#### ASSIGNMENT:
Reproduce exactly, and only, the lines of the material below running from the line bearing "凯蒂猫 hellokitty塑料杯 儿童双柄Tritan材质吸管水杯子300ML 红色" through the line bearing "轉(zhuǎn)發(fā)關". Leave any pictures out.

==== MATERIAL FOR THIS TASK ====

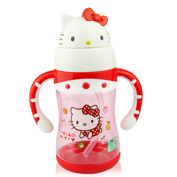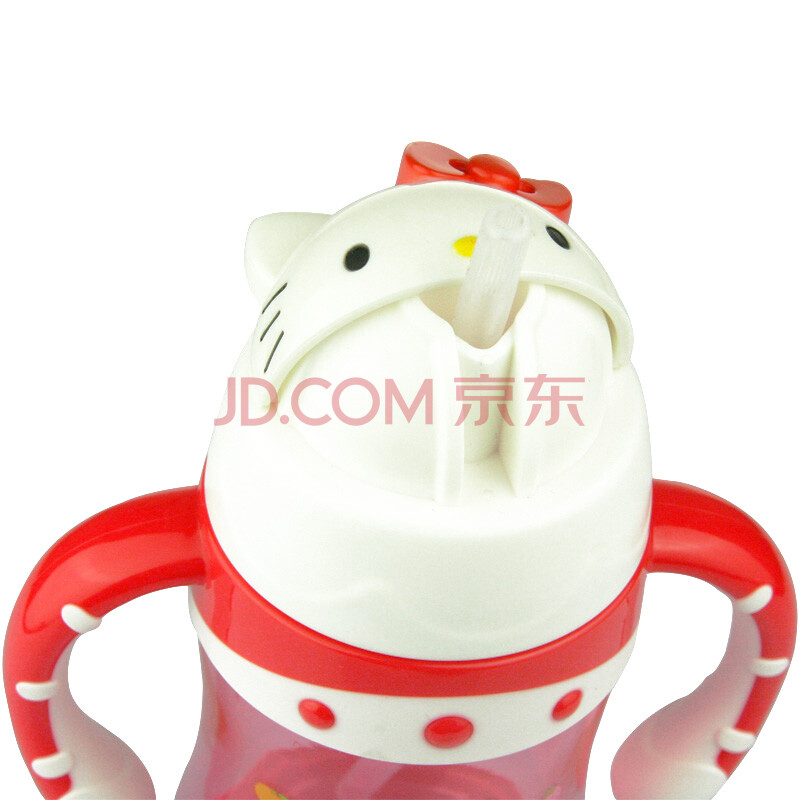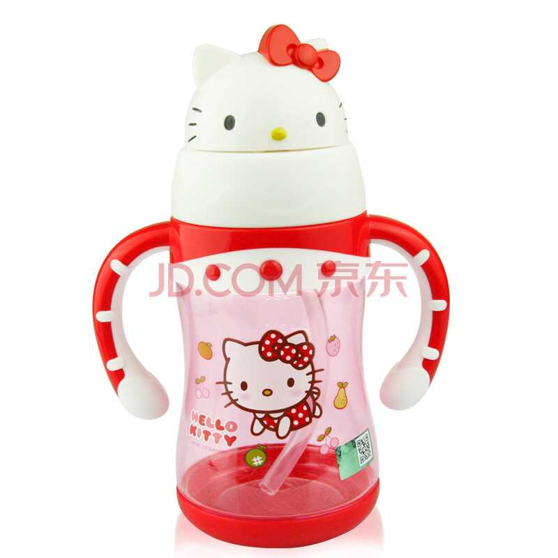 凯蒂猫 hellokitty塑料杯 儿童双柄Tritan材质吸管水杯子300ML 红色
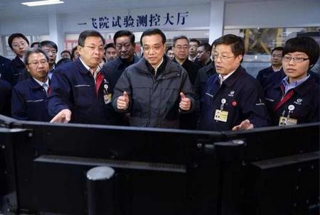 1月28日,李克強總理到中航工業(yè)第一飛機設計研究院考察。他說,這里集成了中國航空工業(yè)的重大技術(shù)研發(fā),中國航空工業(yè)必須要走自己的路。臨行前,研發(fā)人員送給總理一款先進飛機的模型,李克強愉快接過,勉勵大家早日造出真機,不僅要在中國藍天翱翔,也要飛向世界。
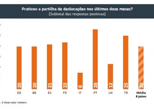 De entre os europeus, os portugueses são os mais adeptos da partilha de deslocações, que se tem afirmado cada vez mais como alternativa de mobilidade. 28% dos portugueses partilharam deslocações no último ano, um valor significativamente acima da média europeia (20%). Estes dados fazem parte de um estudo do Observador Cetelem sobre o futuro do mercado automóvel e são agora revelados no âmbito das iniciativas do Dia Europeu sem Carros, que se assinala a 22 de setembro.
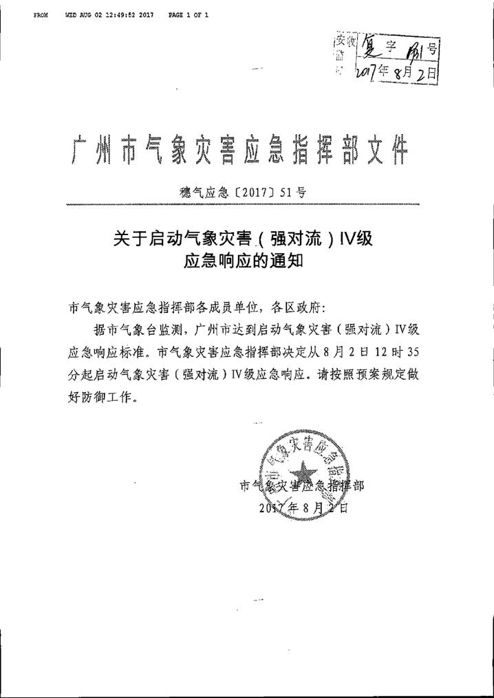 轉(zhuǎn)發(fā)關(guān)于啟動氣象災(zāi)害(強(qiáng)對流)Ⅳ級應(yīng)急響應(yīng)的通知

====
==== MATERIAL FOR THIS TASK ====

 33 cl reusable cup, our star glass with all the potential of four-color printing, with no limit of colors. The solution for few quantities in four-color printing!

====

#### EXERCISE RESPONSE:
 凯蒂猫 hellokitty塑料杯 儿童双柄Tritan材质吸管水杯子300ML 红色
 1月28日,李克強總理到中航工業(yè)第一飛機設計研究院考察。他說,這里集成了中國航空工業(yè)的重大技術(shù)研發(fā),中國航空工業(yè)必須要走自己的路。臨行前,研發(fā)人員送給總理一款先進飛機的模型,李克強愉快接過,勉勵大家早日造出真機,不僅要在中國藍天翱翔,也要飛向世界。
 De entre os europeus, os portugueses são os mais adeptos da partilha de deslocações, que se tem afirmado cada vez mais como alternativa de mobilidade. 28% dos portugueses partilharam deslocações no último ano, um valor significativamente acima da média europeia (20%). Estes dados fazem parte de um estudo do Observador Cetelem sobre o futuro do mercado automóvel e são agora revelados no âmbito das iniciativas do Dia Europeu sem Carros, que se assinala a 22 de setembro.
 轉(zhuǎn)發(fā)關(guān)于啟動氣象災(zāi)害(強(qiáng)對流)Ⅳ級應(yīng)急響應(yīng)的通知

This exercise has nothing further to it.